* **Exercise aim**
Include the line containing "Paintings on glass" and every line after it up to the end of the material below; reproduce them exactly and drop the pictures.

┌─ Information provided

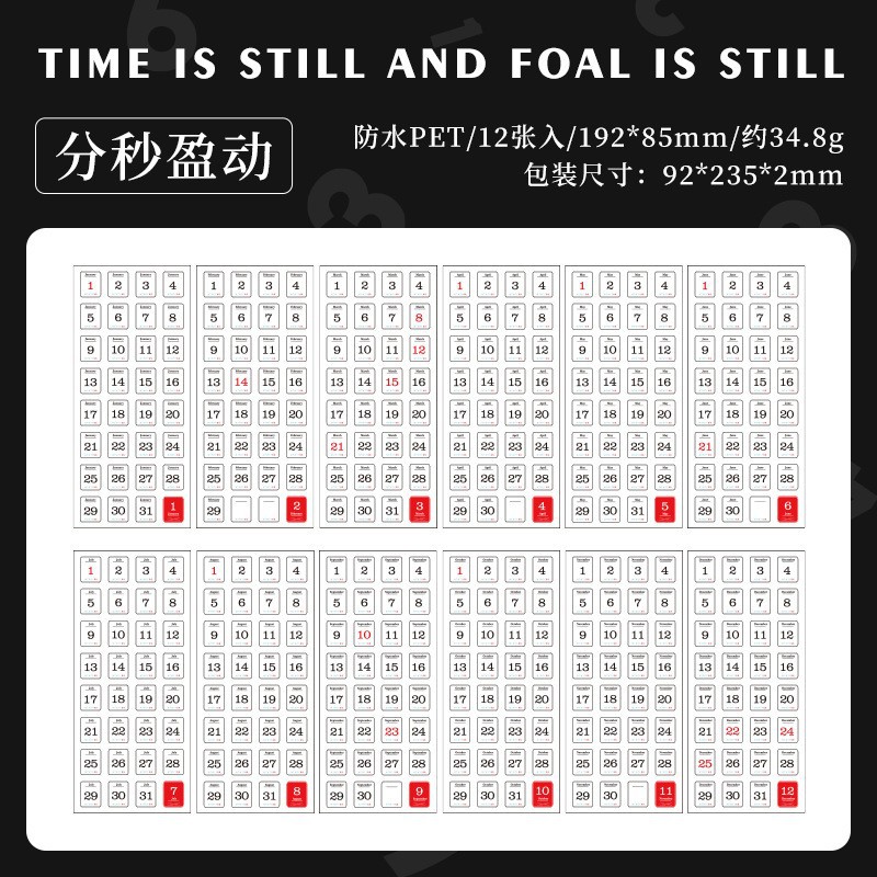 Yuezhen 신제품 365 일 지불 손 계정 노트북 배경 장식 스티커 자체 접착 달력 12
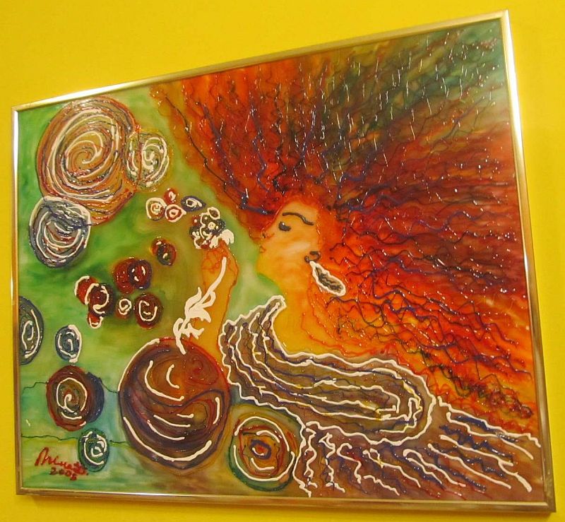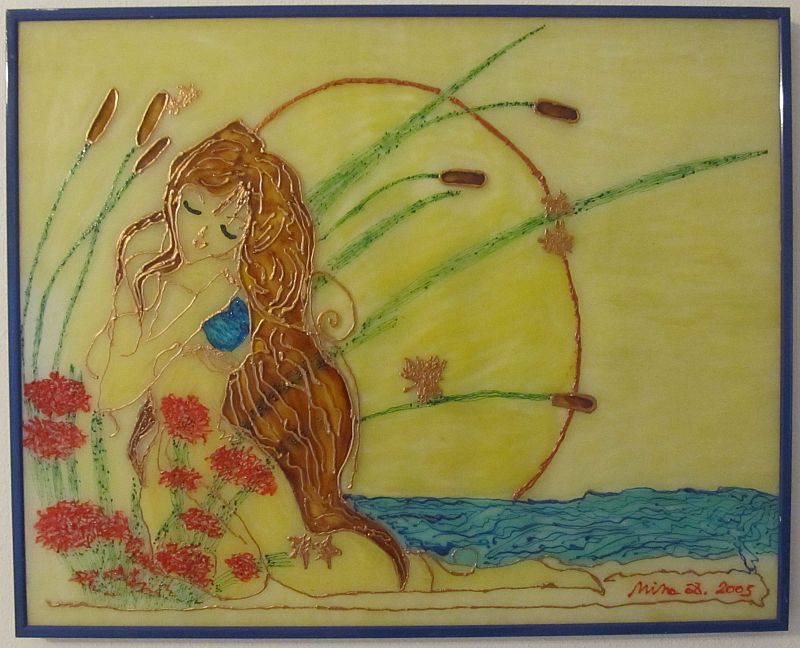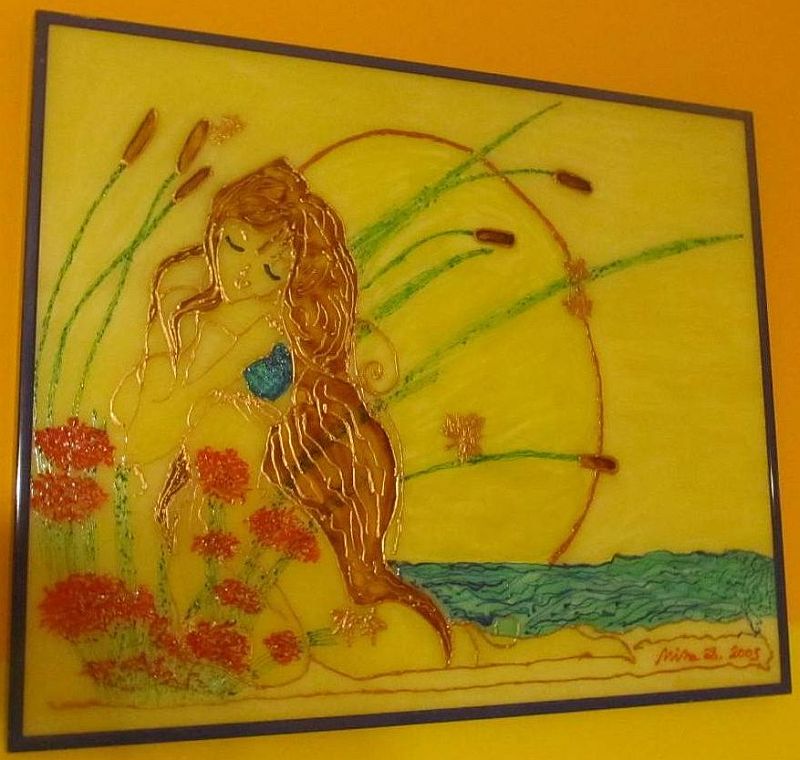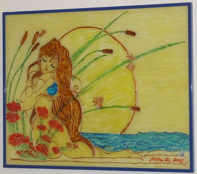 Paintings on glass made in special, self-discovered technique. They give us possibility to discover new angles, energies and observation views on each painting. Colors are soft and light is penetrating them both ways.
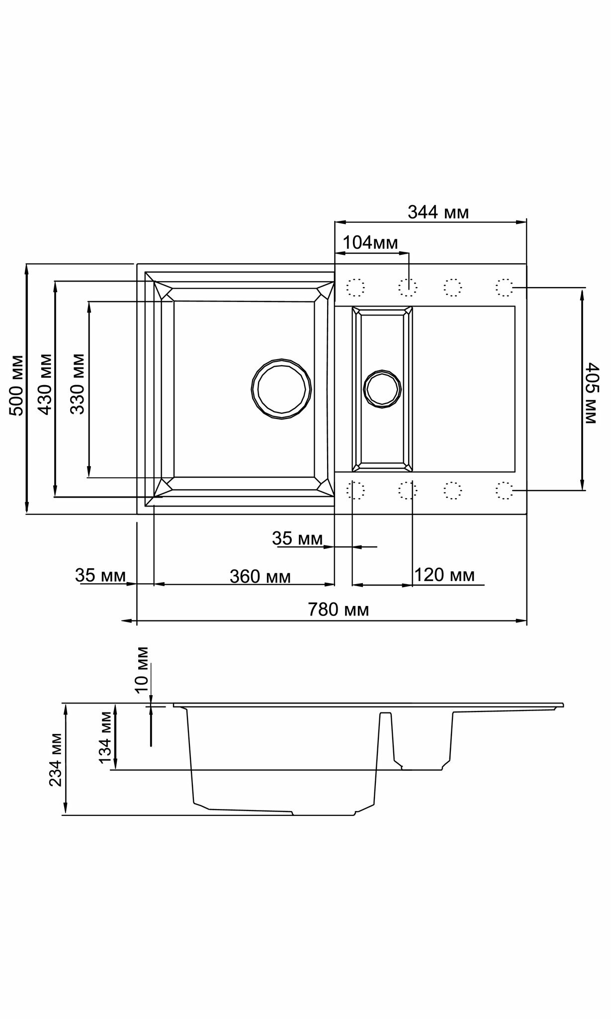 Ширина мойки
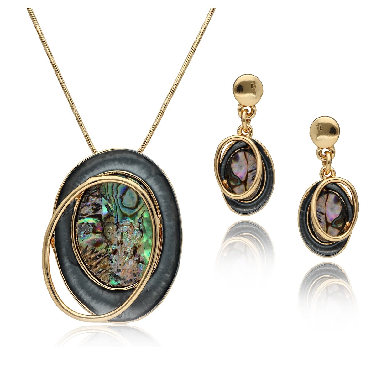 Komplet z kolekcji YVON BIŻUTERIA ARTYSTYCZNA, wykonany z metalu hipoalergicznego. Zdobiony emaliowanymi elementami i muszlą naturalną ABALONE, które tworzą elegancką, harmonijną kompozycję. Naszyjnik o długości 42 cm z możliwością regulacji o dodatkowe 8 cm, idealnie układa się na dekolcie. Kolczyki na wygodnym zapięciu typu sztyft. Całość zapakowana w eleganckie pudełko prezentowe YVON. To wyjątkowy komplet, który podkreśla kobiecą klasę i artystyczne wyczucie stylu.

└─

* **Exercise output**
 Paintings on glass made in special, self-discovered technique. They give us possibility to discover new angles, energies and observation views on each painting. Colors are soft and light is penetrating them both ways.
 Ширина мойки
 Komplet z kolekcji YVON BIŻUTERIA ARTYSTYCZNA, wykonany z metalu hipoalergicznego. Zdobiony emaliowanymi elementami i muszlą naturalną ABALONE, które tworzą elegancką, harmonijną kompozycję. Naszyjnik o długości 42 cm z możliwością regulacji o dodatkowe 8 cm, idealnie układa się na dekolcie. Kolczyki na wygodnym zapięciu typu sztyft. Całość zapakowana w eleganckie pudełko prezentowe YVON. To wyjątkowy komplet, który podkreśla kobiecą klasę i artystyczne wyczucie stylu.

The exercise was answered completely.